Cumhuriyetimizin kurucusu Mustafa Kemal Atatürk’ün Samsun’a çıkışının 103’üncü yıldönümü kutlanırken Doç. Dr. Halil Özcan, Atatürk’ün 19 Mayıs 1919 öncesindeki anıları ve bu anıların gazetelerde yayımlanmasını Cumhuriyet’e anlattı. Atatürk’ün, bu anılarını Hakimiyeti Milliye ve Milliyet gazetelerinin başyazarlarına anlattığını ve bunların yazı dizisi olarak bu gazetelerde yayımlandığını söyleyen Özcan, “Türkiye Cumhuriyeti tarihinin anlatımında ve yazımında Atatürk’ün birinci eseri, yeteri kadar yer bulamadı. Dolayısıyla da Atatürk’ün 19 Mayıs’a kadar olan Milli Mücadele hazırlığı, direniş ruhu ve kişiliğinden bahsedilmeden mücadele başlatılmış oldu. Milli Mücadele karşıtları da buradan yola çıkarak mücadelenin başlamasını Atatürk’e değil, onu Samsun’a gönderenlere dayandırıyor” dedi. 

‘BÜTÜN MİLLETİNDİR’

Cumhuriyet’in, 13 Mart 1926’da Türk basın tarihinde ilk kez siyah dışına çıkarak çift renkli basıldığını, Atatürk’ün ilk sayfadan fotoğrafının yayımlandığını ve “Cumhuriyet” yazısının kırmızı yapıldığını anlatan Özcan, Yunus Nadi’nin de uzun bir makale ile Atatürk’ün yaşamının kaleme alınmasının gerekliliğinden bahsettiğini vurguladı. Özcan, şunları kaydetti:

“15 Mart günü Cumhuriyet gazetesi, ‘Bu asrın yetiştirdiği en büyük adamın, Türkiye’yi ölümden sonra tekrar dirilmenin sırrına mazhar eden, dünya tarihinin gidişini değiştiren o yüksek dehanın hatıratı da bizzat Büyük Gazi gibi bütün milletindir. Bütün Türk milletinin cumhurbaşkanı olan sevgili Gazimizin hatıralarını memlekete duyurmak için bugünden itibaren yayıma başlıyoruz’ açıklamasıyla anıları imzasız olarak yayımlamaya başladı. Diğer iki gazete anıları ‘Büyük Gazi’nin Hatırat Sahifeleri’ başlığı ile yayımlarken, Cumhuriyet ise ‘Büyük Gazimizin Büyük Hayatından Hatıralar’ başlığını kullandı. Bazı günlerde ‘Büyük Gazimizin Büyük Hayatından Sayfalar’ başlığı ile de yayınını sürdürdü.”

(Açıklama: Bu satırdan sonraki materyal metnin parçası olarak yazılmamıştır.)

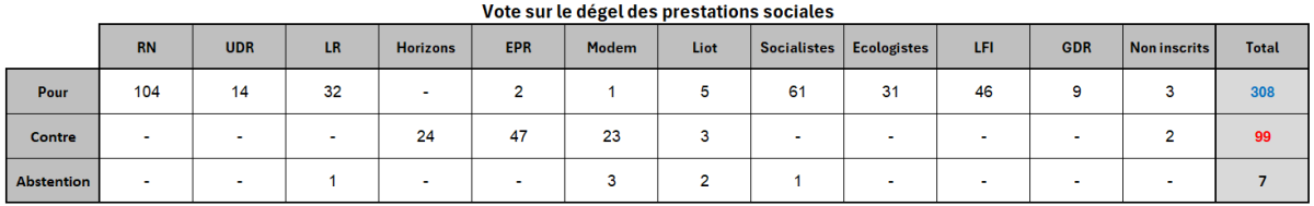 Cette revalorisation a été votée par le RN, UDR, LR, EPR, LFI et GDR

Bu anıların, Atatürk’ün tutum, davranış ve düşüncelerini içerdiğini söyleyen Özcan, anıların içeriklerine ilişkin şu örnekleri verdi:

‘VATAN SİYASETİ’

“Selanik’te arkadaşlarıyla yaptığı bir toplantı ve Selanik hatıraları. İttihat ve Terakki Partisi’nin savaş öncesi ve savaşta yürüttüğü sorumsuz siyasetlerine yönelik eleştiri ve yanlışlıklar. Osmanlı devlet adamları hakkında somut olaylarla anlattığı eleştiri ve düşünceleri. Atatürk’ün parti ve hükümet politikacılığının üstünde gördüğü vatan siyaseti. Cephelerde Alman komutanlarla ve siyasette İttihatçı liderlerle çatışması.”

(13 Mart 1926 tarihli Cumhuriyet)

‘BELGELERLE SUNDU’

Yunus Nadi’nin, Atatürk’ün anılarının Cumhuriyet’te yayımlamasının, bu anıların bütün olarak günümüze taşınmasında önemli bir rol oynadığına işaret eden Özcan, “Bana göre Atatürk, anılarıyla İttihatçılarla, saltanat makamıyla ve Almanlarla hesaplaştı. Nutuk ile de saltanat ve hilafet makamıyla, İngiliz siyasetiyle, devrimin önündeki engellerle, cumhuriyet ile yol ayrımına giren arkadaşlarıyla hesaplaştı. Aynı zamanda tarih önünde kendisi de yaptıklarının belgeleriyle hesabını verdi” dedi. Anıların ve Nutuk’un birlikte okunması gerektiğini kaydeden Özcan, “Atatürk, 19 Mayıs’ı öncesi ve sonrasıyla iki eser olarak bıraktı. İnanıyoruz ki Atatürk’ün anıları ile birlikte Alev Coşkun’un Samsun’dan Önce Bilinmeyen 6 Ay eseri okunduğunda, Atatürk’ün Milli Mücadele’ye Samsun’a çıkmadan çok önce karar verdiği öğrenilmiş olacaktır. Atatürk çareyi Anadolu’da vatanın asli unsuru olan Türk milletinde gördü” ifadelerini kullandı.